The tree typically grows to a height of 5 to 13 m and a width of 4 to 6 m and has an erect, pendulous to spreading habit. It has hard fissured grey bark on the trunk and limbs. It has pendulous branches with angled or flattened branchlets that are covered in short fine hairs but becomes glabrous as it matures. The grey-green narrow phyllodes are about 4 to 14 cm in length and 3 to 10 mm wide and have a narrowly elliptic to very narrowly elliptic or sometimes narrowly oblong-elliptic shape and can be straight or curved The phyllodes have many longitudinal indistinct veins, a subacute apex with mucro and one gland near base.

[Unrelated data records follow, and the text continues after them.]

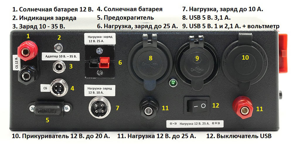 6 - Разъём Anderson 12 В. 25 А. предназначен для подключения нагрузки непрерывным током до 25 А. и кратковременным током до 50 А. (для мощных потребителей, радиостанций, прожекторов, инверторов пиковой мощностью до 400 Вт), также для быстрого заряда Изделия с помощью специального зарядного устройства током заряда до 25 А. (опционально). (Кабель сечением 4 кв/мм с разъёмом, для подключения радиостанции и других потребителей входит в комплект.)
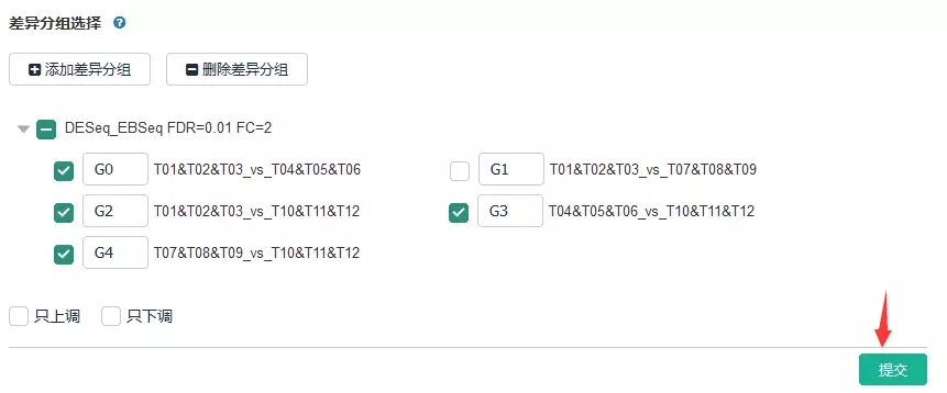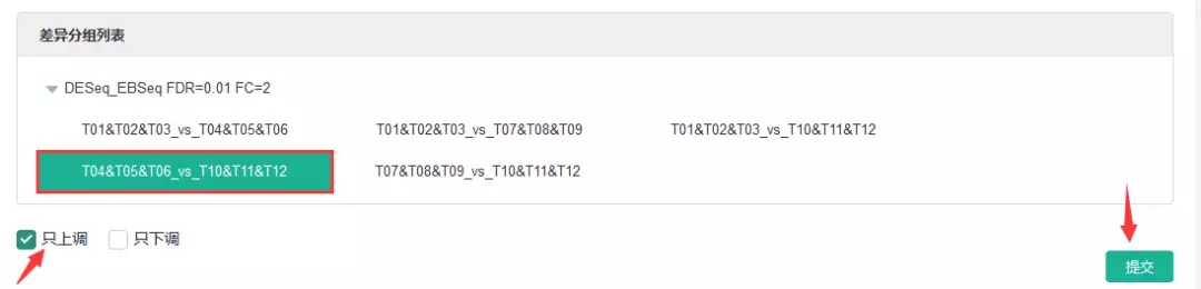 登錄百邁客云(www.biocloud.net)——進(jìn)入相應(yīng)項(xiàng)目【報(bào)告】——差異基因挖掘—差異表達(dá)基因集查詢——點(diǎn)擊相應(yīng)差異分組并選擇“只上調(diào)/只下調(diào)”,最后點(diǎn)擊“提交”。
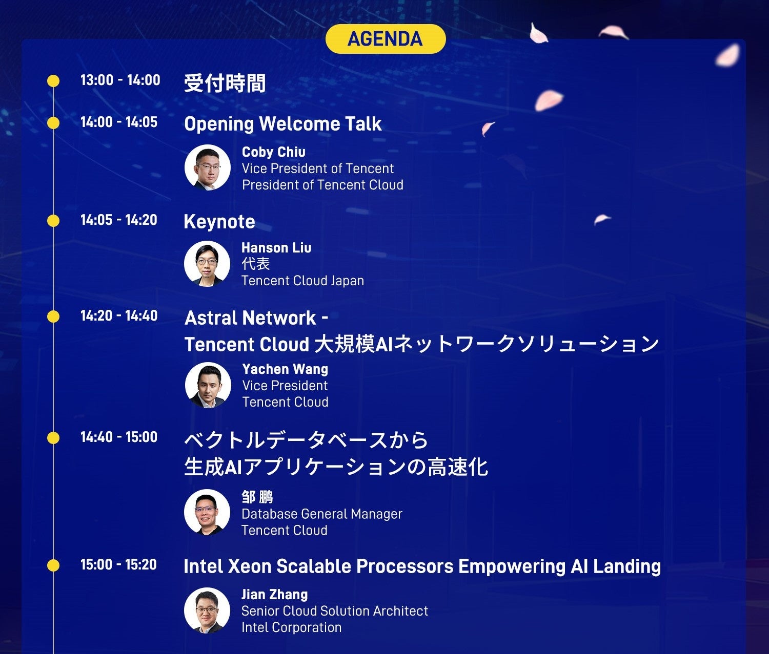 テンセントクラウドは現実世界の問題を解決する革新的なソリューションを生み出し、産業のデジタル化・スマート化への移行に注力しています。今回の「TENCENT CLOUD DAY JAPAN 2024」では、AIコンピューティングの為のネットワークを最適化することによる顧客体験の向上、コスト削減と効率化の追求、さらには中国市場進出のための戦略まで、幅広いテーマを扱います。併せて、Tencentクラウドサ一ビス最新のプロダクト情報の発表と、各専門家をゲストスピーカーに迎え、最新の業界の動向や新世代ビジネスの可能性をご紹介致します。
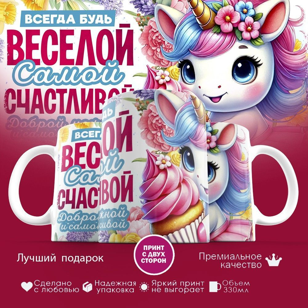 TopPoshiv Кружка с принтом «Всегда будь веселой, самой счастливой»
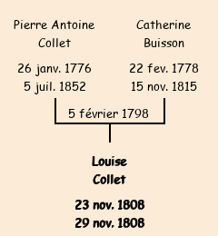 Père : Pierre Antoine Collet | Parrain : Alexandre Buisson |
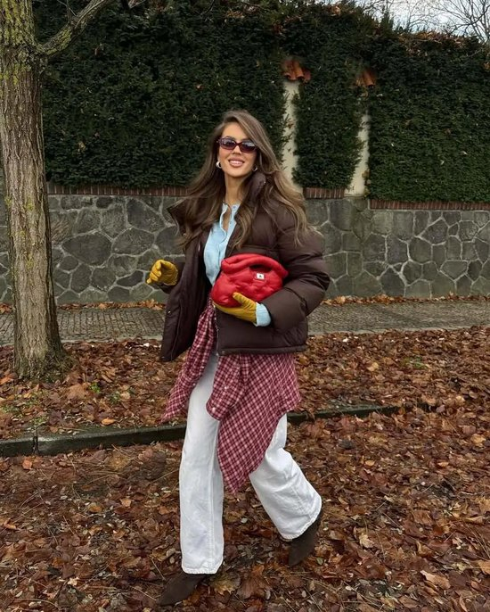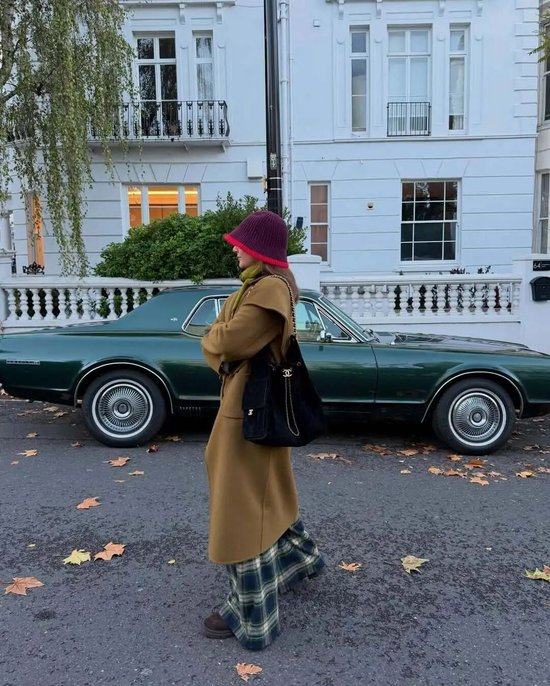 深色格纹自带冬日的沉稳气息,能轻松穿出低调高级的质感。一身不挑人的大地色系格纹加身,再点缀一抹亮色提亮——恭喜你!你已经掌握了时装博主常用的冬日(出片)穿衣法则。
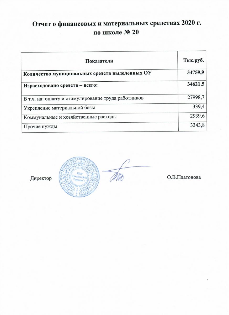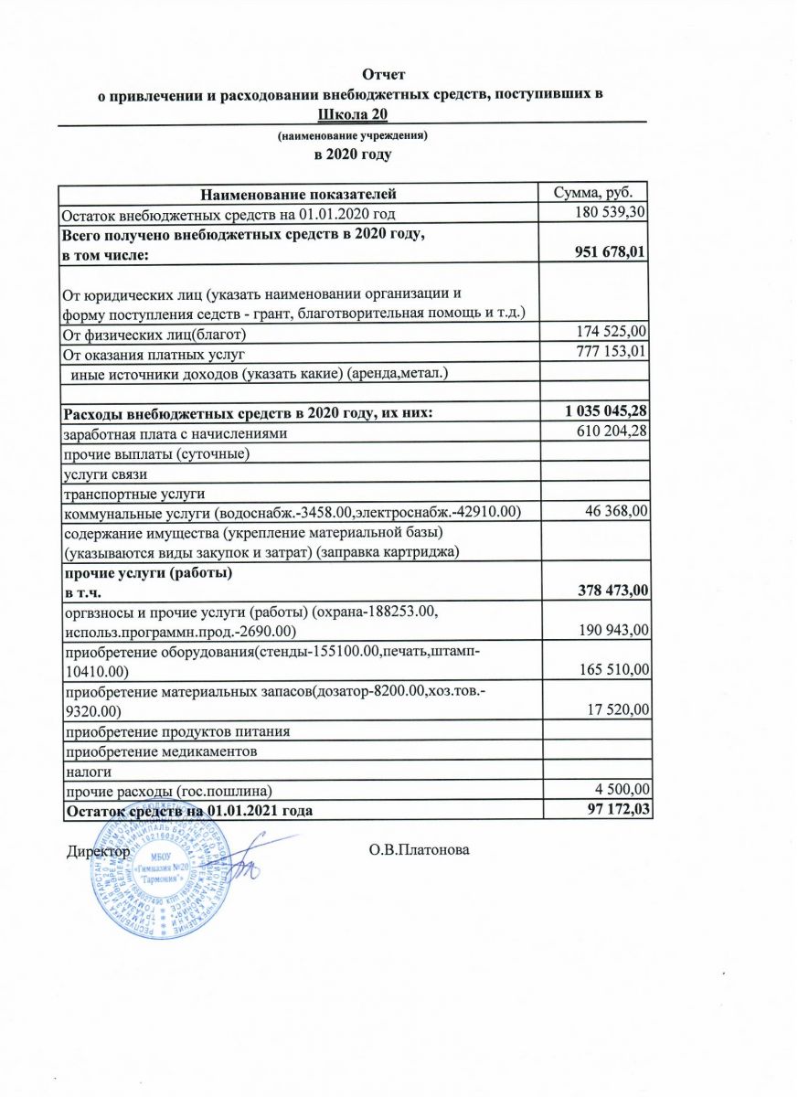 Отчет о привлечении и расходовании внебюджетных средств 2020г
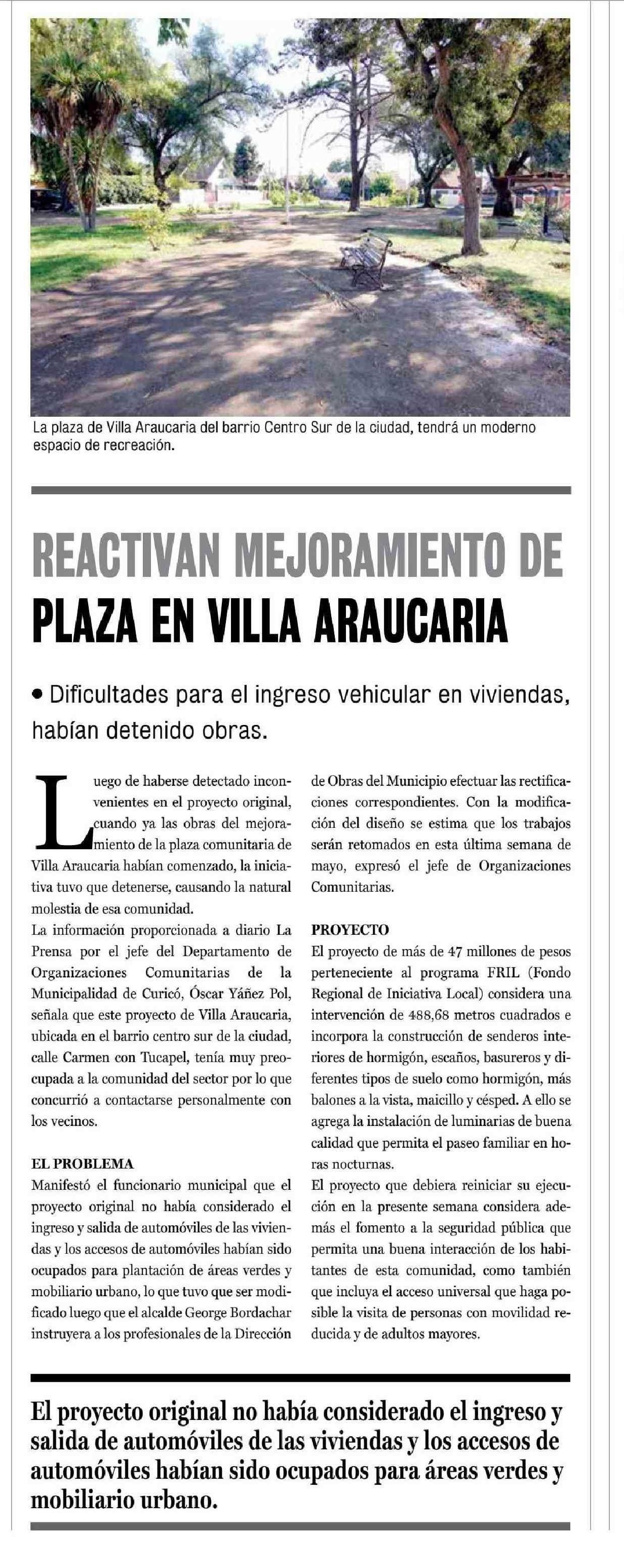 REACTIVAN MEJORAMIENTO DE PLAZA EN VILLA ARAUCARIA
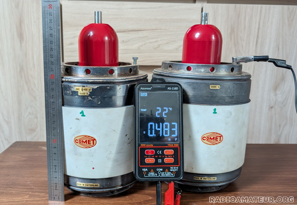 Bonjour, Vend 2 condensateurs variables sous vide de marque COMET. Capacité ~15pf a ~480pf Isolation 55kv Parfait état de marche, testé ok Idéal pour construction antenne bandes basses 80/160m / Boites d'accord etc... Vente en 1 lot, pas de dissociation. Envois possible en 2 cartons séparés. Poids 20kg pièce ! 500€ la paire
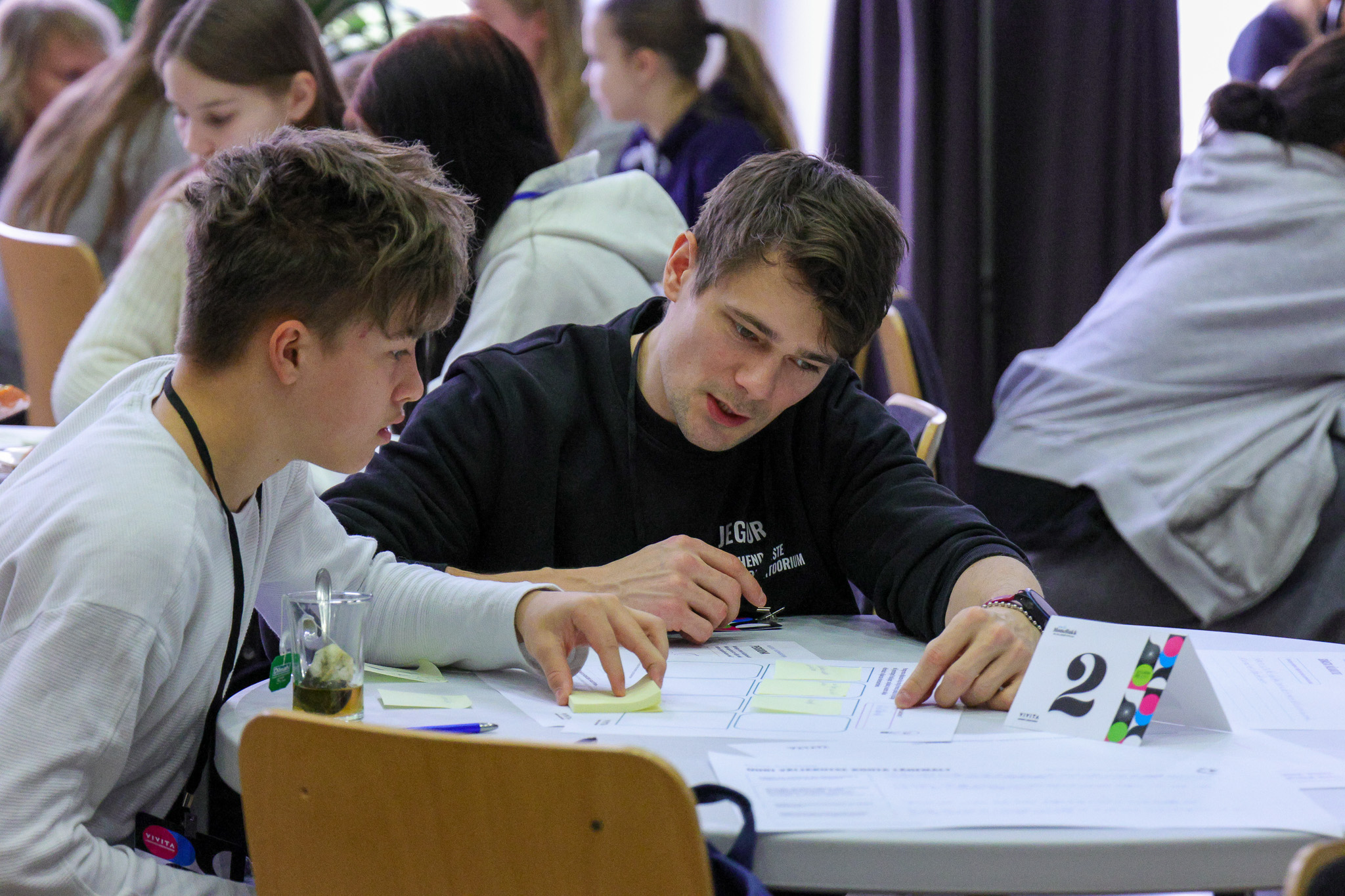 Noorte MõtteHäkil olid mentoritena kaasatud kõigi Lõuna-Eesti maakondlike arenduskeskuste vabaühenduse konsultandid ning Europe Directi kontaktipunktide koordinaatorid. Päeva jooksul aitas noorte ideid mõtestada ja disainmõtlemise protsessi läbida Vivita loovus- ja prototüüpimislabori mentorid. Päeva lõpuks esitleti valminud prototüüpe ja lahendusi žüriile.
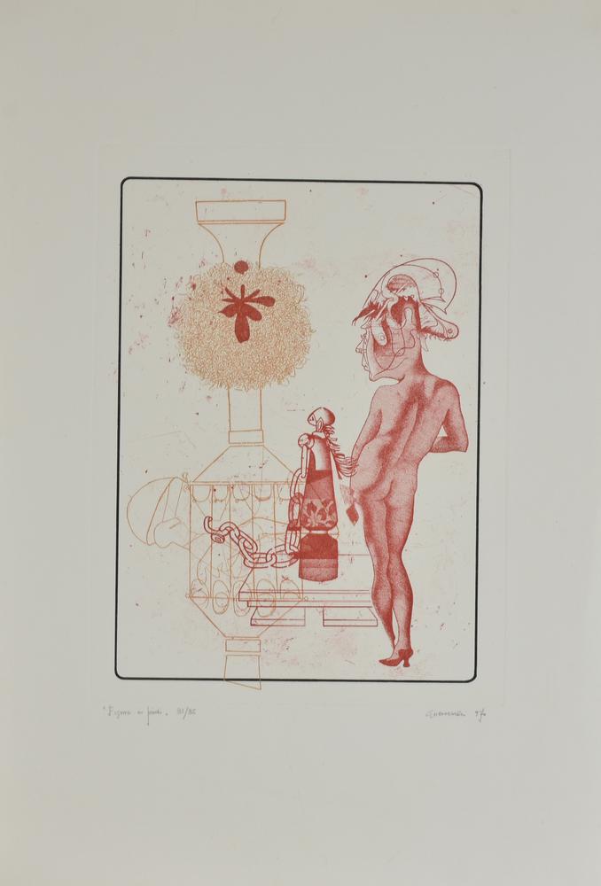 incisione su carta, foglio cm 69x48, battuta cm 42,5x31,5; es. 31/35
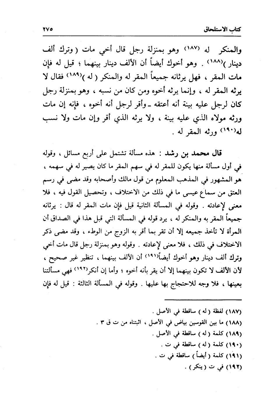 قال محمد بن رشد: هذه مسألة تشتمل على أربع مسائل، وقوله في أول مسألة منها يكون للمقر له في سهم المقر ما كان يصير له في سهمه، هو المشهور في المذهب المعلوم من قول مالك وأصحابه وقد مضى في رسم العتق من سماع عيسى ما في ذلك من الاختلاف، وتحصيل القول فيه، فلا معنى لإعادته. وقوله في المسألة الثانية قيل: فإن مات المقر له قال: يرثانه جميعا المقر به والمنكر له، يرد قوله في المسألة التي قبل هذا في الصداق أن المرأة لا تأخذ جميعه إلا أن تقر بما أقر به الزوج من الوطء، وقد مضى ذكر الاختلاف في ذلك، فلا معنى لإعادته. وقوله: وهو بمنزلة رجل قال: مات أخي وترك ألف دينار وهو أخوك أيضا أن الألف بينهما، تنظير غير صحيح، لأن الألف لا تكون بينهما إلا أن يقر بأنه أخوه؛ وأما إن أنكر فهي مسألتنا بعينها، فلا وجه للاحتجاج بها عليها. وقوله في المسألة الثالثة. قيل له فإن
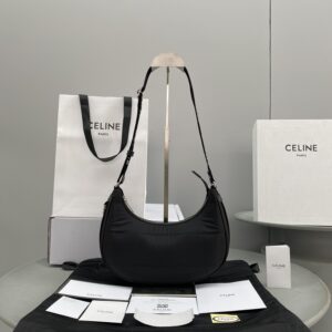 Celine Medium Ava Bag With Celine Strap In Quilted Nylon Black For Women 9in/23cm 196972DLI.38SI
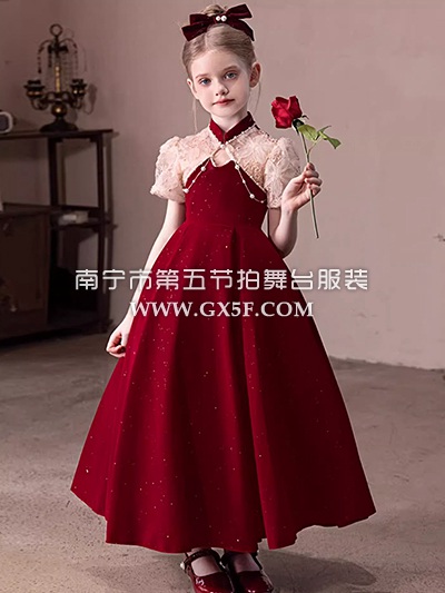 12G1722儿童女红色中式领短袖长礼服公主裙
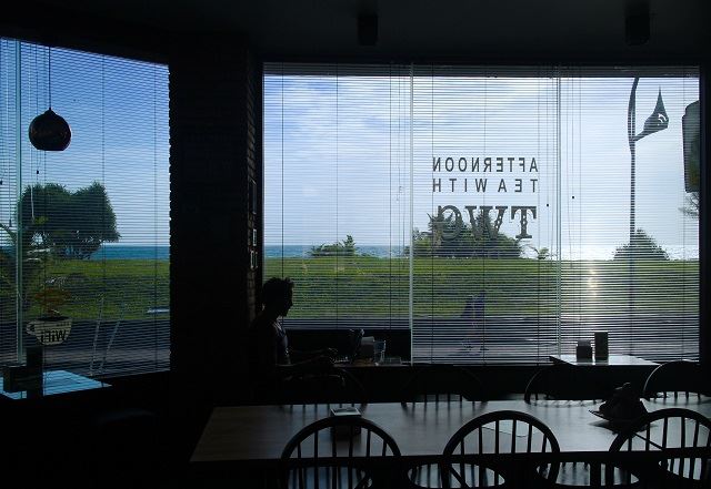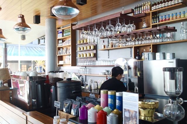 こちらのカフェは店内がスイーツゾーンとコーヒーゾーンに分かれています。コーヒーゾーンはスイーツゾーンと打って変わり、落ち着いたシックな雰囲気の空間です。こちらからはカロンビーチを望むことが出来ます。
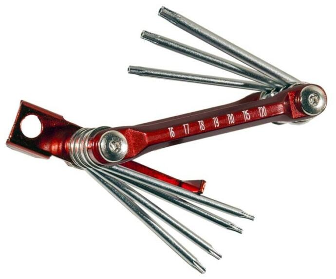 Termékadatok: Összecsukható (bicska) lyukas külső torx kulcs készlet Méret: T-6, 7, 8, 9, 10, 15, 20 Szár hossza: 50 mm Hosszúság: 85 mm Szélesség: 34 mm Magasság: 15 mm Anyag: Króm-vanádium acél A szerszámacélok legfontosabb tulajdonságai a keménység és a kopásállóság A vanádium tovább növeli a keménységet és a kifáradással szembeni ellenállást A króm az acél
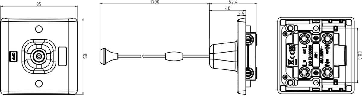 45A DP Pull Cord Switch with Neon Indicator (Sold in packs of 5) features

It flowers in the summer and autumn from around November to May and produces yellow flowers. The inflorescences mostly occur in groups of two to five on an axillary axis. The spherical flower heads have a diameter of 3 to 7 mm and contain 10 to 20 bright yellow flowers. The papery to leathery green seed pods that form after flowering are flat and straight to strongly curved and age to a brown colour. The pods are irregularly constricted between each seed and are 3 to 9 cm in length and 10 to 20 mm. Seeds are often collected between October and January.

==Taxonomy==
The species was formally described by the botanist George Don in 1832 as part of the work A General History of Dichlamydeous Plants. It was reclassified as Racosperma pendulum by Leslie Pedley in 1987 then transferred back to genus Acacia in 2014. The specific epithet is in reference to the pendulous habit of the tree. It is derived from the Latin word pendere meaning 'to hang down'.

==Distribution==
It occurs naturally in dry outback areas in Queensland, New South Wales, and Victoria. In New South Wales the tree has a disjunct but widespread distribution throughout inland areas, usually to the west of the upper Hunter Valley. It is often situated on major river floodplains growing as part of woodlands, sometimes as the dominant species, where it grows well in heavy clay soils. In all states it is found to the west of the Great Dividing Range growing in alluvial soils consisting of sand, gravel, silt and clay in areas that receive 400 to 600 mm of annual rainfall.

==Uses and cultivation==
In The Useful Native Plants of Australia it was noted that "Stock are very fond of the leaves of this tree, especially in seasons of drought, and for this reason, and because they eat down the seedlings, it has almost become exterminated in parts of the colonies."

The tree is available commercially as seedlings or in seed form and has many desirable properties in areas of low rainfall since it is drought tolerant. It is also frost tolerant and will grow in heavy clay soils. It is useful as a shelter-tree or as a windbreak and attracts native birds, particularly parrots who use the seeds as a food source. The rhizobium nodules in the roots also assist in fixing nitrogen into the soil. The blue-grey foliage and weeping habit make it popular both domestically and in overseas cultivation, including in Iran and Kuwait.